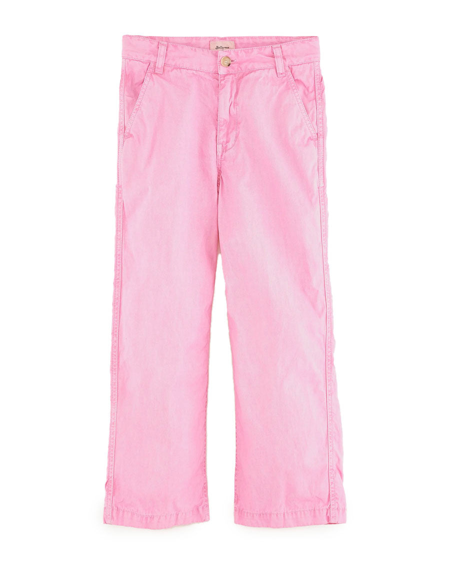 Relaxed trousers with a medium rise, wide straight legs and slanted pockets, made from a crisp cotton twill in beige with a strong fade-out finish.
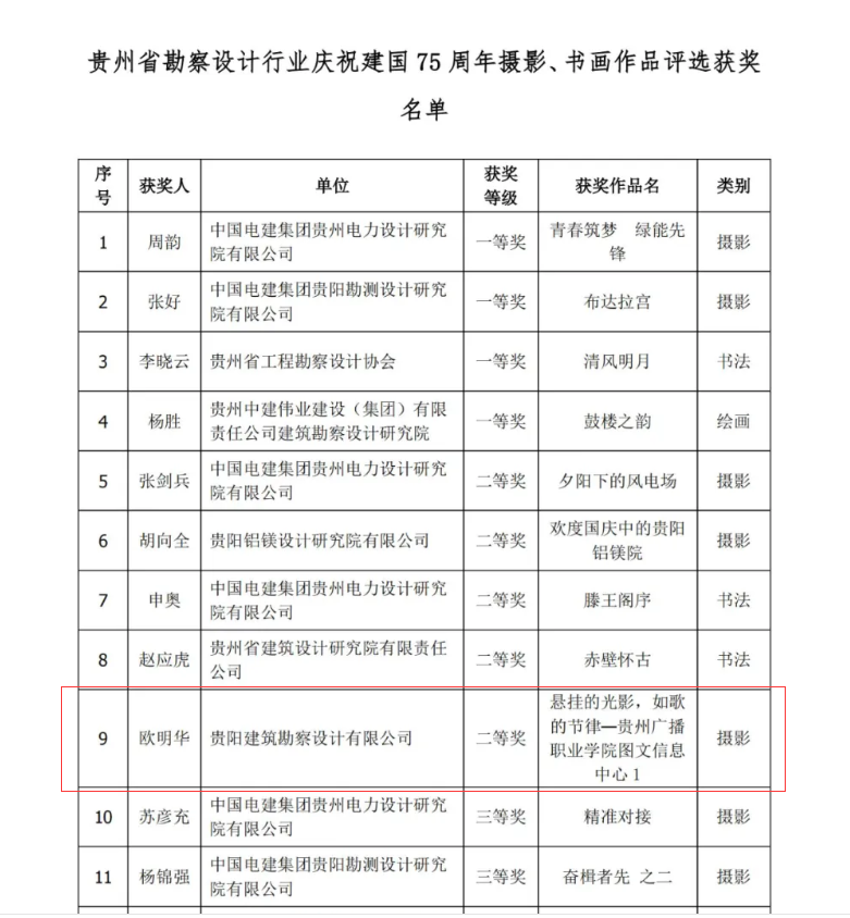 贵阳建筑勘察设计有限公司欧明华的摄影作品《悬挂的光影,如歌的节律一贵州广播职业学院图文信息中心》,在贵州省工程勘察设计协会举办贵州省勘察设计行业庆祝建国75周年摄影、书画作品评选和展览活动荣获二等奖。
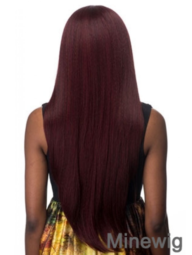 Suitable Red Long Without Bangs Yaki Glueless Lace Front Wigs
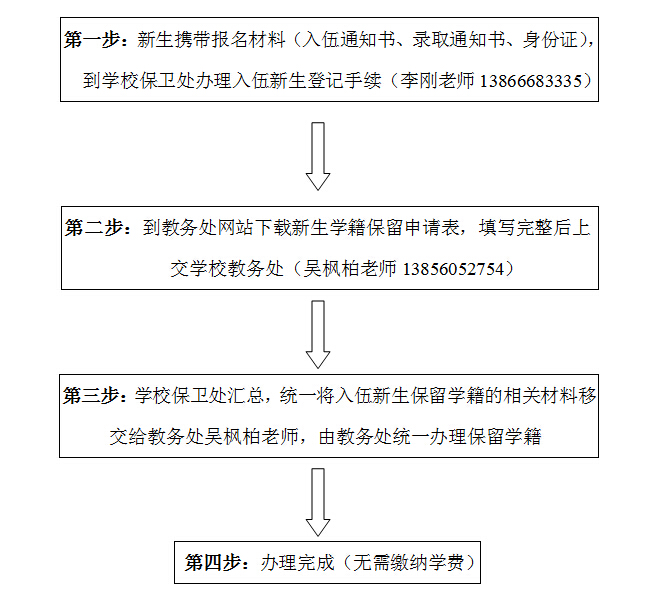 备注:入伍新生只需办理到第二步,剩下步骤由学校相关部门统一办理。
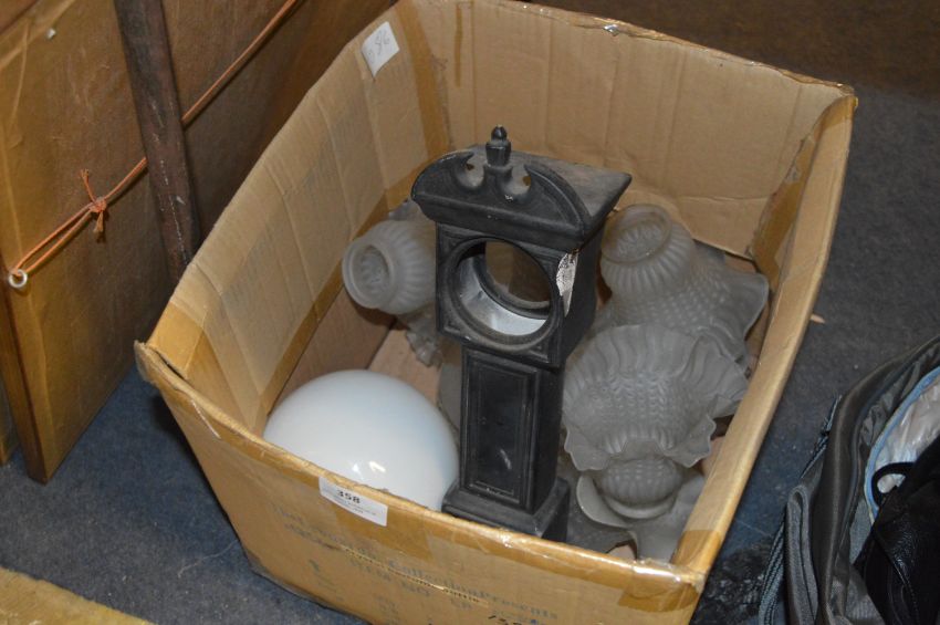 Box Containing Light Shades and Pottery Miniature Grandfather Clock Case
__________
## WHAT THE TASK REQUIRES
Repeat each line of the material, unaltered, from the first through the line with "备注:入伍新生只需办理到第二步,剩下步骤由学校相关部门统一办理。", and include no pictures.

## RESPONSE AREA
 Relaxed trousers with a medium rise, wide straight legs and slanted pockets, made from a crisp cotton twill in beige with a strong fade-out finish.
 贵阳建筑勘察设计有限公司欧明华的摄影作品《悬挂的光影,如歌的节律一贵州广播职业学院图文信息中心》,在贵州省工程勘察设计协会举办贵州省勘察设计行业庆祝建国75周年摄影、书画作品评选和展览活动荣获二等奖。
 Suitable Red Long Without Bangs Yaki Glueless Lace Front Wigs
 备注:入伍新生只需办理到第二步,剩下步骤由学校相关部门统一办理。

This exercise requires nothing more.